Anche Tokyo ha la sua Sagrada Família. E ora l’hanno spostata

Costruito a mano per oltre vent’anni dall’architetto Keisuke Oka, l’Arimaston Building è uno degli edifici più singolari del Giappone. Nel 2025 è stato spostato di circa dieci metri grazie all’antica tecnica dell’hikiya, che permette di trasferire un edificio intero senza demolirlo.

Keisuke Oka, Arimaston Building, 2025, Tokyo, Giappone

Foto Francesca Magnani

Keisuke Oka, Arimaston Building, 2025, Tokyo, Giappone

Foto Francesca Magnani

Keisuke Oka, Arimaston Building, 2025, Tokyo, Giappone

Foto Francesca Magnani

Keisuke Oka, Arimaston Building, 2025, Tokyo, Giappone

Foto Francesca Magnani

Quello che molti chiamano la “Sagrada Família di Tokyo” appartiene a quel patrimonio architettonico discreto e straordinario che in Giappone continua a sfidare l’idea stessa di edificio come oggetto immobile. L’Arimaston Building di Keisuke Oka, iniziato nel 2005 e costruito a mano per oltre vent’anni, è stato spostato nel 2025 di circa dieci metri grazie alla tecnica giapponese dell’hikiya, che permette di trasferire un edificio intero senza demolirlo. 

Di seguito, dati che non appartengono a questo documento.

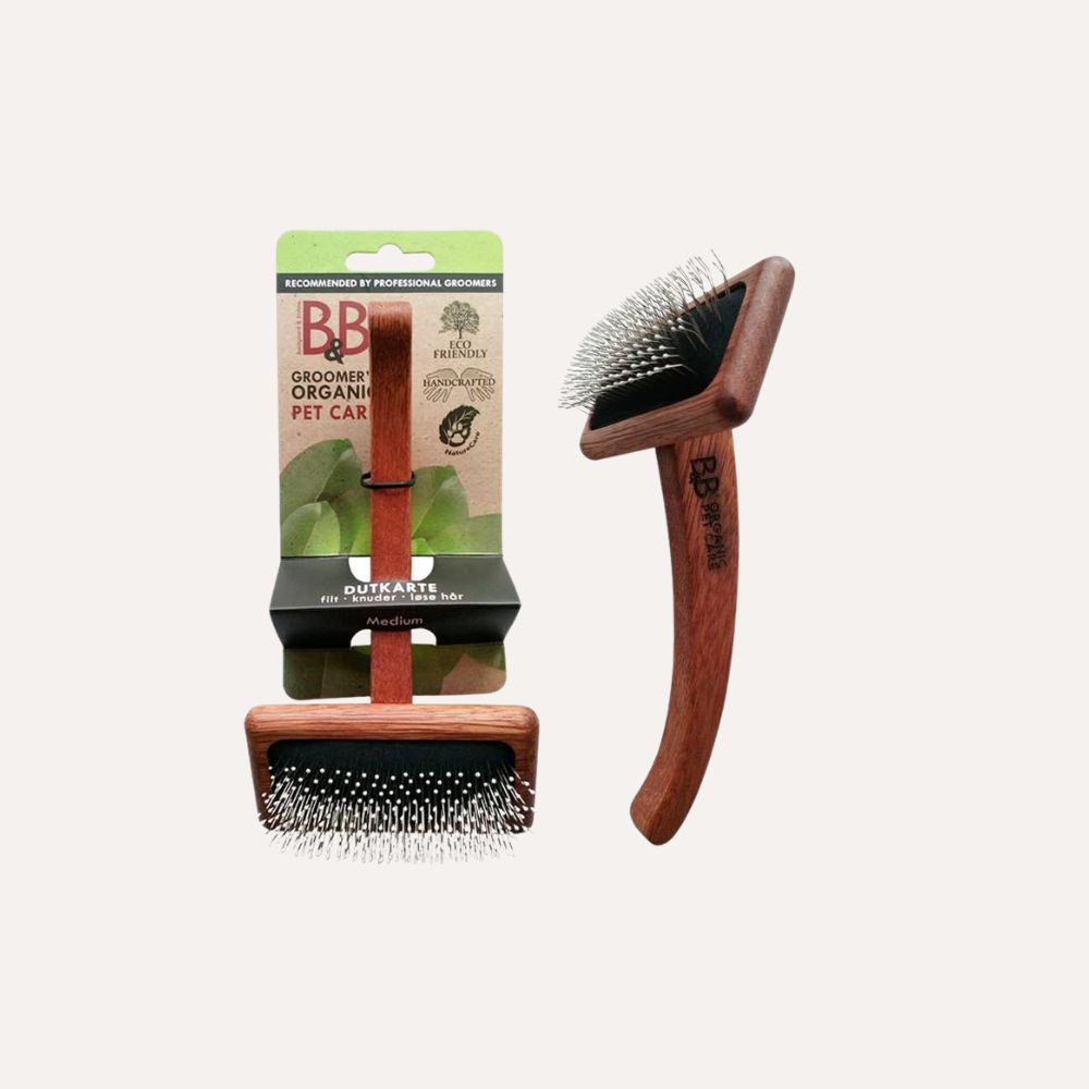 Kan med fordel kombineres med B&B's guldkam til slut, for at sikre at pelsen er komplet filtfri.

Non si tratta di un semplice trasloco, ma di un’operazione ingegneristica che solleva la struttura dalle fondamenta, la mette in sicurezza e la conduce verso una nuova posizione, preservandone materia, memoria e identità. Il quartiere in cui si trova è Mita, nell’area di Minato, una zona di Tokyo che affonda le sue radici nell’Edo Period e che oggi si presenta come un paesaggio urbano elegante, centrale e in trasformazione.

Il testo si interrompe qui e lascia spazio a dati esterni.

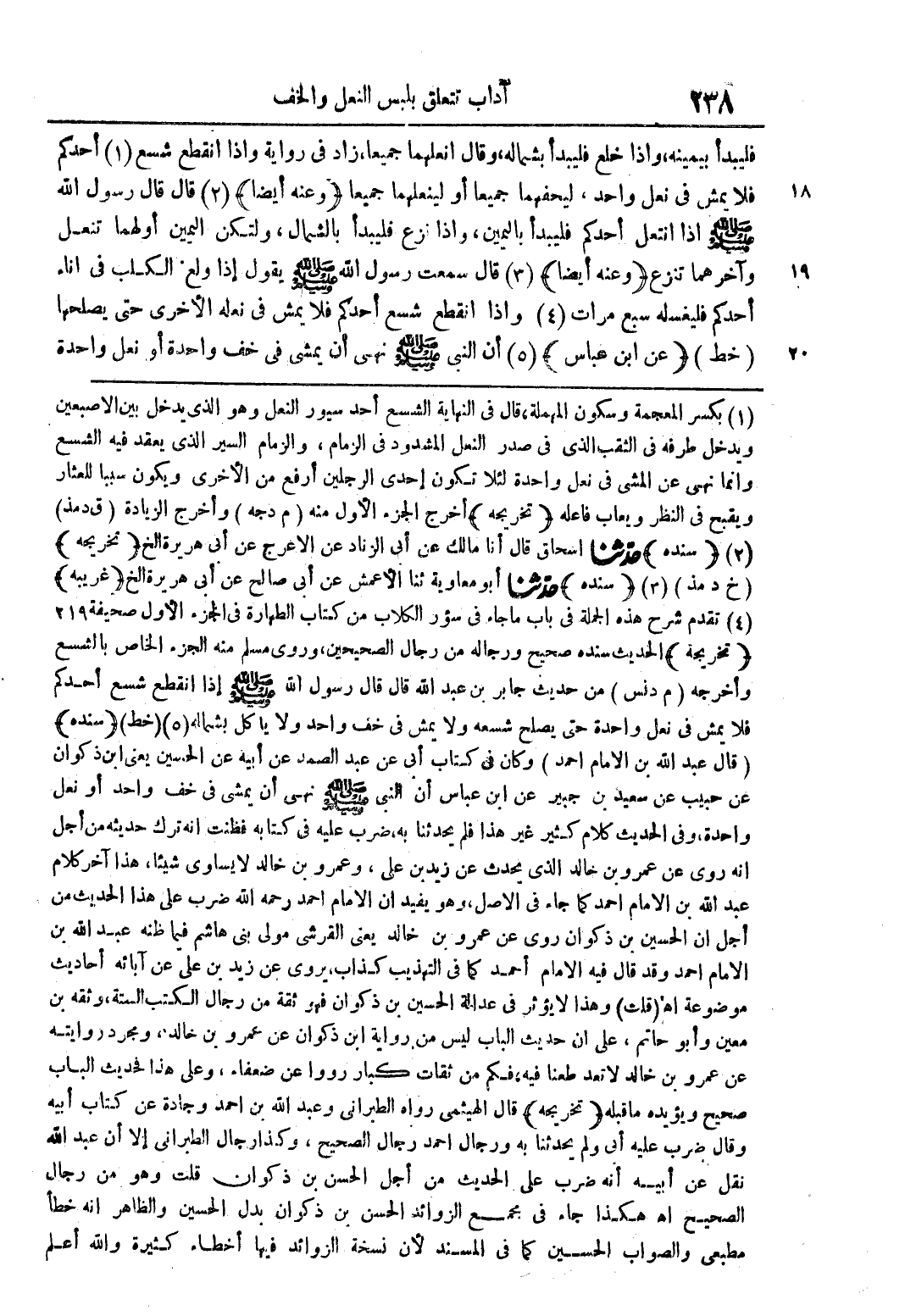 (1) بكسر المعجمة وسكون المهملة، قال في النهاية الشسع أحد سيور النعل وهو الذي يدخل بين الاصبعين ويدخل طرفه في الثقب الذي في صدر النعل المشدود في الزمام، والزمام السير الذي يعقد فيه الشسع وإنما نهى عن المشي في نعل واحدة لئلا تكون إحدى الرجلين أرفع من الأخرى ويكون سببا للعثار ويقبح في النظر ويعاب فاعله (تخريجه) أخرج الجزء الأول منه (م دجه) وأخرج الزيادة (ق دمذ) (2) (سنده) حدثنا إسحاق قال أنا مالك عن أبي الزناد عن الأعرج عن أبي هريرة الخ (تخريجه) (خ د مذ) (3) (سنده) حدّثنا أبو معاوية ثنا الأعمش عن أبي صالح عن أبي هريرة الخ (غريبه) (4) تقدم شرح هذه الجملة في باب ما جاء في سؤر الكلاب من كتاب الطهارة في الجزء الأول صحيفة 219 (تخريجه) الحديث سنده صحيح ورجاله من رجال الصحيحين، وروى مسلم منه الجزء الخاص بالشسع وأخرجه (م دنس) من حديث جابر بن عبد الله قال قال رسول الله صلى الله عليه وسلم إذا انقطع شسع أحدكم فلا يمش في نعل واحدة حتى يصلح شعسه ولا يمش في خف واحد ولا يأكل بشماله (5) (خط) (سنده) (قال عبد الله بن الامام أحمد) وكان في كتاب أبي عن عبد الصمد عن أبيه الحسين يعني ابن ذكوان عن حبيب عن سعيد بن جبير عن ابن عباس أن النبي صلى الله عليه وسلم نهى أن يمشي في خف واحد أو نعل واحدة، وفي الحديث كلام كثير غير هذا فلم يحدثنا به، ضرب عليه في كتابه فظنت أنه ترك حديثه من أجل أنه روى عن عمرو بن خالد الذي يحدث عن زيد بن علي، وعمرو بن خالد لا يساوي شيئا، هذا آخر كلام عبد الله بن الأمام أحمد كما جاء في الأصل، وهو يفيد أن الإمام أحمد رحمه الله ضرب على هذا الحديث من أجل أن الحسين بن ذكوان روى عن عمرو بن خالد يعني القرشي مولى بني هاشم فيما ظنه عبد الله بن الإمام أحمد وقد قال فيه الإمام أحمد كما في التهذيب كذاب، يروى عن زيد بن علي عن آبائه أحاديث موضوعة اهـ (قلت) وهذا لا يؤثر في عدالة الحسين بن ذكوان فهو ثقة من رجال الكتب الستة، وثقه بن معين وأبو حاتم، على أن حديث الباب ليس من رواية ابن ذكوان عن عمرو بن خالد، ومجرد روايته عن عمرو بن خالد لا تعد طعنا فيه، فكم من ثقات كبار رووا عن ضعفاء، وعلى هذا فحديث الباب صحيح ويؤيده ما قبله (تخريجه) قال الهيثمي رواه الطبراني وعبد الله بن أحمد وجادة عن كتاب أبيه وقال ضرب عليه أبي ولم يحدثنا به ورجال أحمد رجال الصحيح، وكذا رجال الطبراني إلا أن عبد الله نقل عن أبيه أنه ضرب على الحديث من أجل الحسن بن ذكوان قلت وهو من رجال الصحيح اهـ هكذا جاء في مجمع الزوائد الحسن بن ذكوان بدل الحسين والظاهر أنه خطأ مطبعي والصواب الحسين كما في المسند لأن نسخة الزوائد فيها أخطاء كثيرة والله أعلم

Keisuke Oka, Arimaston Building, 2025, Tokyo, Giappone. Foto Francesca Magnani

Qui convivono residenze, istituzioni, scuole e una pressione immobiliare che ha cambiato il volto del quartiere nel tempo. È proprio questa stratificazione, fatta di permanenza e sostituzione, a rendere Mita il luogo ideale per comprendere il destino dell’Arimaston: un edificio singolare, nato artigianalmente e poi salvato non con la nostalgia ma con la mobilità.

Porta un nome altrettanto unico. In kanji è 蟻鱒鳶ル, una composizione inventata dall’architetto Keisuke Oka che unisce i caratteri di formica, trota e nibbio. Non è una parola di uso comune, ma un nome poetico, quasi sgrammaticato per scelta, che riflette la natura del progetto: un’architettura fuori catalogo, capace di evocare il mondo animale e insieme di sfuggire alle definizioni immediate. Il nome sembra dire che l’edificio non vuole essere letto come un oggetto convenzionale, ma come una creatura ibrida, in equilibrio tra fantasia e costruzione reale.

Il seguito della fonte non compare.